Inhaled iloprost for pulmonary hypertension of other Venice classification groups
Chronic thromboembolic pulmonary hypertension (CTEPH) develops within the first 2 years47,48 in approximately 4% of all patients diagnosed with acute pulmonary embolism. There have been only scarce reports using aerosolized iloprost for the treatment of CTEPH patients. In the AIR study37 a subgroup receiving iloprost comprised 33 patients with CTEPH representing 67% of the patients in the “nonprimary pulmonary hypertension” group. Iloprost inhalation in this group resulted in beneficial effects on exercise capacity and improvement of NYHA class. However, in this study separate data for CTEPH patients were not mentioned. Kramm et al reported successful treatment of residual postoperative PH after pulmonary thrombendarterectomy.49 In addition to these studies, several case reports on inhaled iloprost in CTEPH have been published.50,51
Ulrich et al showed similar pulmonary artery compliance in 35 patients with IPAH and 22 with CTEPH performing acute vasoreactivity testing with inhalative nitric oxide and iloprost.52 The existence of a reversible vasoconstrictive component in CTEPH was also suggested in a study observing significant acute hemodynamic improvement after inhalation of iloprost.53
For patients with PAH classified other than groups I and IV (Venice classification) only a few cases have been published. A patient with systemic sclerosis and lung fibrosis suffering from severe PAH who had contraindications for bosentan treatment received inhaled iloprost. Exercise capacity and hemodynamics improved54 shortly after treatment had been started.
Long-term experiences with novel treatments for portopulmonary hypertension have been rare so far. Hoeper et al recently observed improved survival rates and greater improvements in hemodynamics as well as exercise capacity in patients with portopulmonary hypertension on bosentan therapy compared to patients with portopulmonary hypertension on inhaled iloprost.55
Combination therapies
Owing to the repeated and still somewhat tedious application of inhaled iloprost, orally available pharmaceuticals have recently been preferred as initial therapy of PH. None of the new drugs approved for PH appears to be able to completely prevent progress in all cases. For this reason the combination of compounds acting via different pathways has been investigated by several authors. Inhaled iloprost has been combined with either an endothelin-receptor antagonist or with a phosphodiesterase (PDE) inhibitor – both specific pulmonary vasodilators. Iloprost has also been used in combination with dual oral therapy.
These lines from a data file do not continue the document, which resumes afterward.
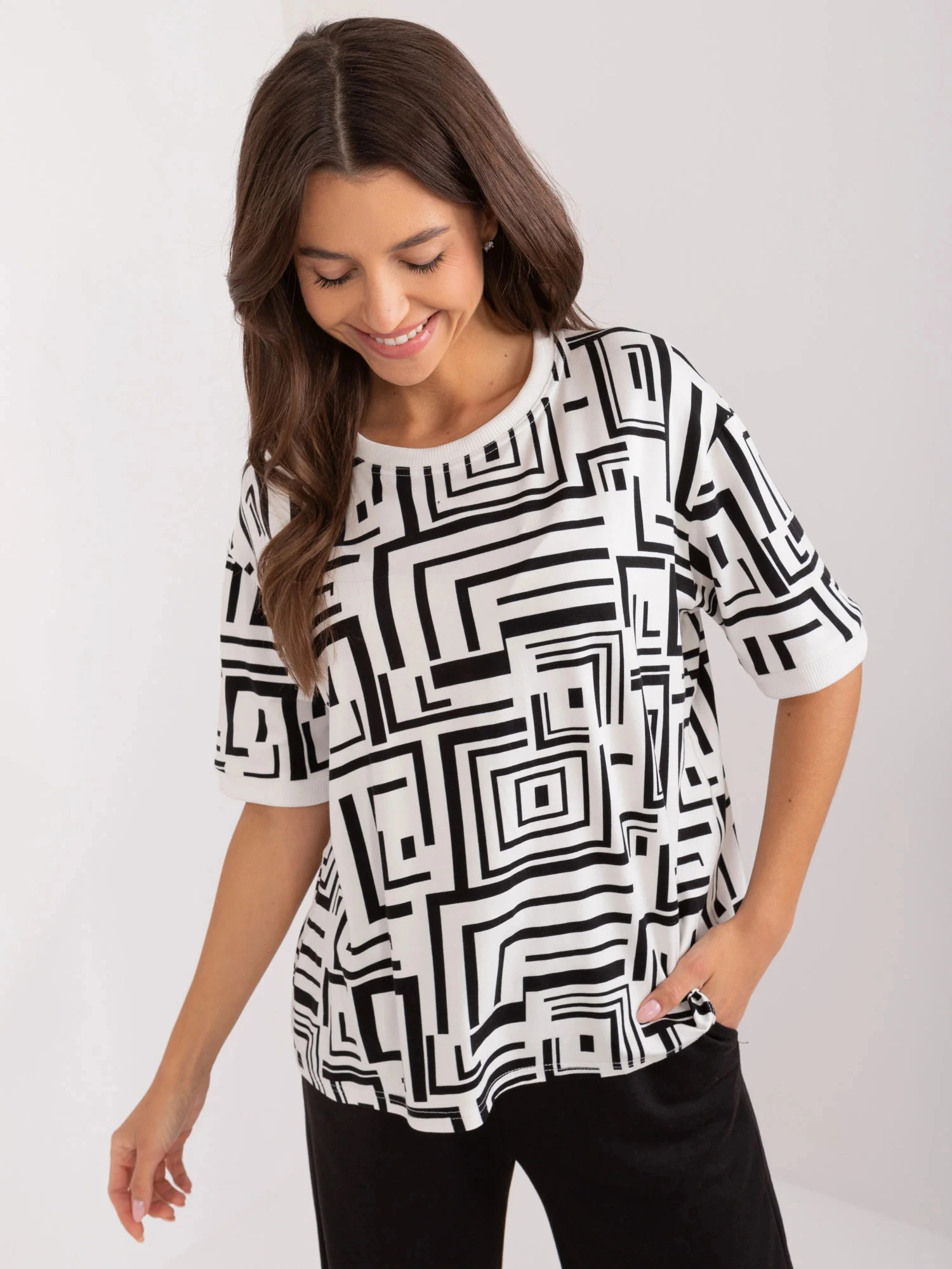 Rozmery blúzky v jednej veľkosti merané na plocho: šírka v podpazuší - 56 cm, celková dĺžka - 58 cm.
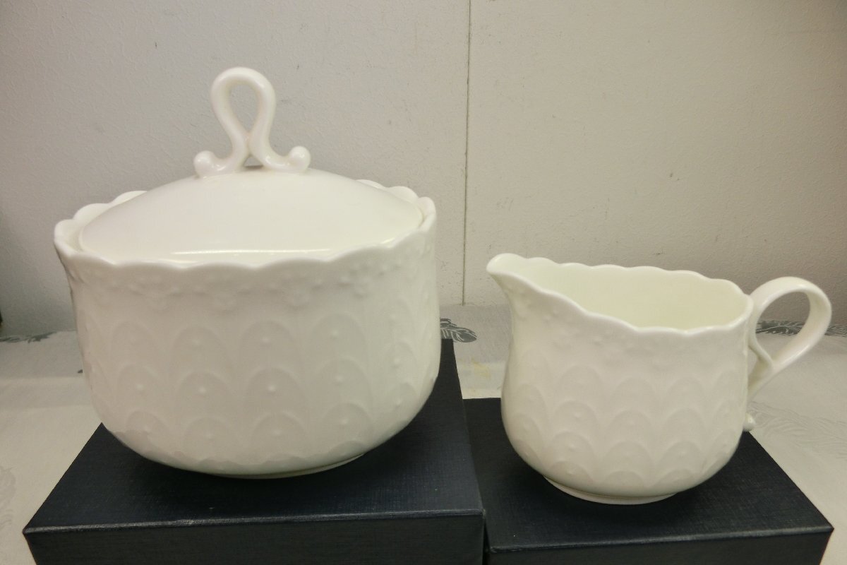 - ♪新品 未使用品★ NARUMI Bone China/ナルミ ボーンチャイナ★シルキーホワイトシュガー入れ&クリーマー
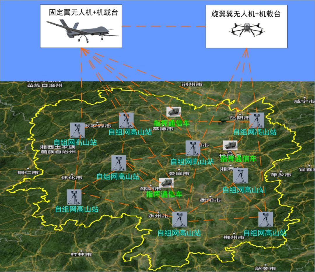 微波宽带组网设备采用相控阵天线和宽带自组网技术,用于专网骨干网络构建,具有远距离传输,大带宽、高速动中通、快速入网、低时延等特点,研制的各型端机可满足高山固定站、旋翼无人机载、固定翼无人机载和车载等平台使用,提供高速动中通、远距离和高容量的图传、数传双向通信链路,为应急指挥通信快速构建大带宽、广域覆盖、和连续稳定的数据传输通道。
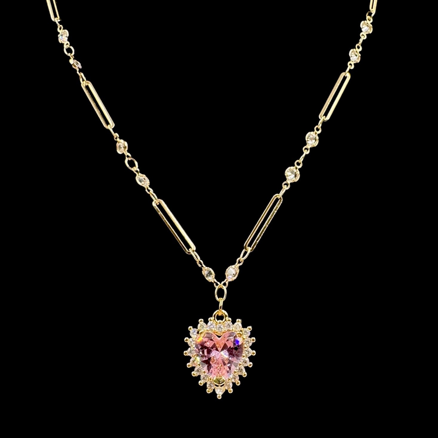 Gold Pink Diamond Heart Crystal Necklace
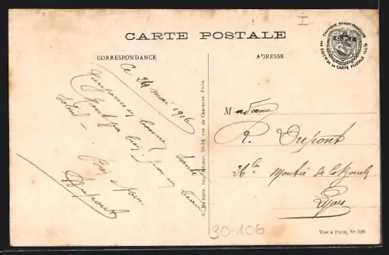 Personenbezogene Daten auf der Rückseite der Karte wurden durch blauen Textmarker unkenntlich gemacht. Die blauen Stellen sind auf die Vorderseite durchgeweicht und wirken sich negativ auf das Postkartenfoto aus

In 2001 Schermuly et al described an additive vasodilative effect of PGI2 simultaneously applied with PDE inhibitors while maintaining lung selectivity in rabbits.56 Wilkens et al proposed prolonged and increased vasodilation following inhaled iloprost when the PDE-5 inhibitor sildenafil was added in 5 patients with IPAH. Combining the two therapeutic strategies resulted in a significantly lower mean pulmonary artery pressure compared to that reached by application of each of the single compounds.57 In a group of 73 patients with PH, 14 deteriorated while on iloprost applied by inhalation. Adding sildenafil to the existing iloprost therapy improved exercise capacity from 256 ± 30 m to 349 ± 32 m (p = 0.002) at 12 months. Pulmonary vascular resistance decreased from 2494 ± 256 to 1950 ± 128 dyn*s/cm5 as early as 3 months after installation of combination therapy.58
Improvements in exercise capacity (6MWD increased by 58 ± 43 m) and maximal oxygen consumption (from 11 ± 2.3 to 13.8 ± 3.6 mL × min−1 × kg−1) were also reported in a series of 20 patients (9 patients on aerosolized iloprost, 11 patients on oral beraprost) after 3 months of treatment by Hoeper et al 200359 adding the endothelin-receptor antagonist bosentan.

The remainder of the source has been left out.